[The Story of Alchemy and the Beginnings of Chemistry by M. M. Pattison Muir]@TWC D-Link bookThe Story of Alchemy and the Beginnings of Chemistry CHAPTER II 9/10
Each class of substances, they said, has a life, or spirit (an essential character, we might say) of its own.
"The life of sulphur," Paracelsus said, "is a combustible, ill-smelling, fatness....
The life of gems and corals is mere colour....

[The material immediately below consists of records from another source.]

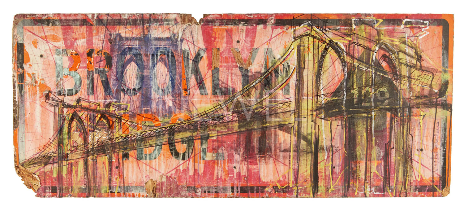 Contemporary abstract painting featuring the Brooklyn bridge and multi-colored paint splatters on a wooden street sign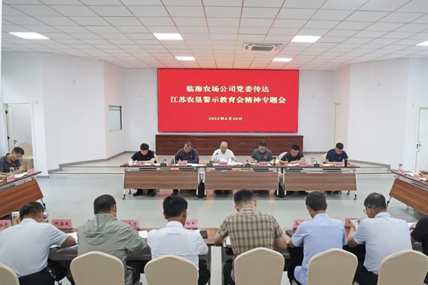 6月20日,临海农场公司党委召开传达江苏农垦2025年警示教育会精神专题会,深入学习贯彻习近平总书记关于全面从严治党的重要论述,贯彻落实党中央和省委集团公司党委关于作风建设的最新要求,对全场开展集中整治工作进行全面动员部署。党委书记、董事长、临海分公司总经理王灿明,党委副书记、总经理孙国祥等党委领导班子成员,各党(总)支部书记和各部门负责人参加会议。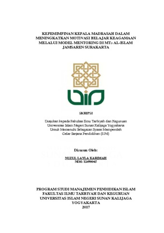 NUZUL LAYLA KARIMAH, NIM. 12490045 (2017) KEPEMIMPINAN KEPALA MADRASAH DALAM MENINGKATKAN MOTIVASI BELAJAR KEAGAMAAN MELALUI MODEL MENTORING DI MTs AL-ISLAM JAMSAREN SURAKARTA. Skripsi thesis, UIN SUNAN KALIJAGA YOGYAKARTA.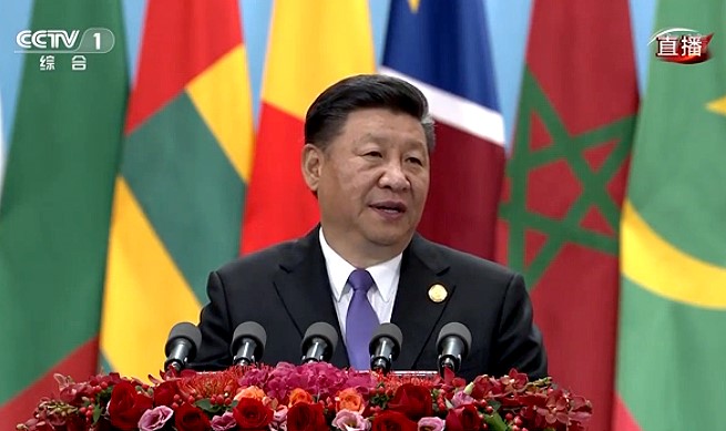 习近平出席2018年中非合作论坛北京峰会开幕式并发表主旨讲话。截图自央视视频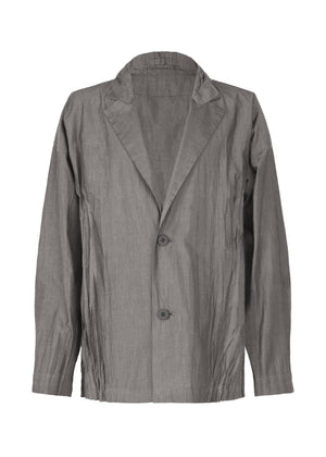 This jacket is from a series that applies to clothing design a technique in which three-dimensional items are folded completely flat. The jacket can be carried compactly by folding and storing it in the pocket inside the hem. It is characterized by its easy-to-fold, wrinkle-resistant textile adapted to the design.

The life of water is its flowing....
The life of fire is air." Grant an attraction of like to like, and the reason becomes apparent for such directions as these: "Nothing heterogeneous must be introduced into our magistery"; "Everything should be made to act on that which is like it, and then Nature will perform her duty." Although each class of substances was said by the alchemists to have its own particular character, or life, nevertheless they taught that there is a deep-seated likeness between all things, inasmuch as the power of _the essence_, or _the one thing_, is so great that under its influence different things are produced from the same origin, and different things are caused to pass into and become the same thing. In _The New Chemical Light_ it is said: "While the seed of all things is one, it is made to generate a great variety of things." It is not easy now--it could not have been easy at any time--to give clear and exact meanings to the doctrines of the alchemists, or the directions they gave for performing the operations necessary for the production of the object of their search.